Are there more common ones that are like you mentioned – and there’s always going to be something – but are there kind of the most common things that people run into in the most common use cases that we see? Karan, do you have any input?

Karan  

Yeah. Like, for example, in Sitecore, you might be using a computed field to show something on your website. So you will have to configure that in the connector. And in Drupal, you might have a bunch of different fields from where you are pulling in the data, and then building a webpage. So you will have to configure your connector to index all those fields. So that kind of tiny customization or configuration is required whenever you are installing and using the connector.

Jae  

Are there any examples of in sort of a vertical sense, are there any sort of common insights that you can provide for people who are listening?
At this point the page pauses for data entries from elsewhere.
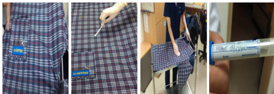
Fig. 1. Smearing of bacterial on apron

병원균의 종류 및 균락 수 측정은 방사선 차폐용 납 가운에 대하여 가로20 cm, 세로20 cm의 동일한 범위에서 swab으로 채취(Fig. 1)하여 위에서 설명한 배양법 및 실험방법으로 진행 하였고 각 검사실별 검출된 병원균의 종류와 균수를 통계분석 하였다.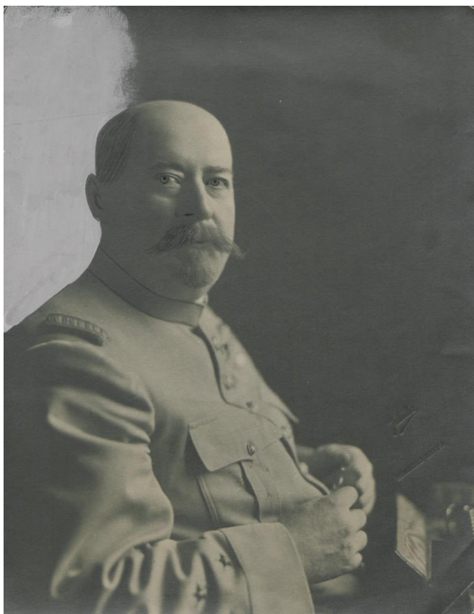
Generalul Henri Mathias Berthelot.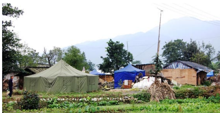
I Mianzhu-området sjunker temperaturen på vintern till några köldgrader. I byn Woyun bor man i tält eller i delvis raserade hus med tälttak.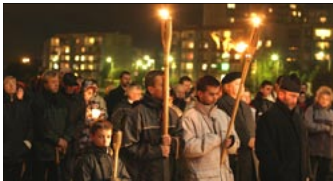
W Zabrze młodzież spotkała się pod krzyżem papieskim

W Dniu Papieskim o godzinie 21 w sześciu miastach diecezji gliwickiej młodzież rozpoczęła modlitwę o beatyfikację Jana Pawła II.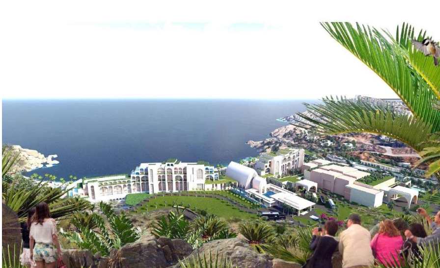
Phối cảnh 3D của dự án Cap Padaran Mũi Dinh – Khu du lịch nghỉ dưỡng đẳng cấp quốc tế

Theo đại diện Tập đoàn F.I.T Group, cho rằng: Với đặc trưng đa dạng địa hình cũng như sở hữu bãi biển dài gần 8km, chúng tôi sẽ mang đến cho quý khách các sản phẩm du lịch nghỉ dưỡng, kết hợp các loại hình du lịch trải nghiệm như leo núi, trượt cát, trải nghiệm đua xe địa hình trên sa mạc, ngắm bình minh và hoàng hôn trên lưng lạc đà, vui chơi giải trí công viên nước, công viên chuyên đề, thưởng thức chương trình văn hoá nghệ thuật ban đêm, trải nghiệm mua sắm hàng hiệu, chơi golf trên cát... Những hệ sinh thái nghỉ dưỡng đẳng cấp cùng các sản phẩm mới lạ mà thị trường này chưa từng có chính là cách để Ninh Thuận đi tắt đón đầu dòng khách hiện đại với xu hướng trải nghiệm đa dạng và tối đa hóa tiện ích”.

Just related to, again, maybe in health care or in higher ed – do you see any kind of common configuration types?

Karan  

So what I’ve seen in higher education, is people use computed fields to create facets. So you can create a facet out of what kind of course it is. And then also a facet out of what’s the duration of the course, what’s the location of the course. And you might be pulling in data from different sources to build that facet out. So you can configure all of that so that all those fields do get indexed whenever you are running the connector. And the same goes for Drupal. The same case is in Drupal as well, where you need to select the fields properly to make sure that all the data gets indexed. And you select all the fields that you need to create all those facets, and this stands true for healthcare or higher ed or any industry, where if you want to build industry specific facets, then you need to configure those in the connector. You need to configure the fields that should be picked up. And you need to configure how the fields should be indexed when creating those facets. 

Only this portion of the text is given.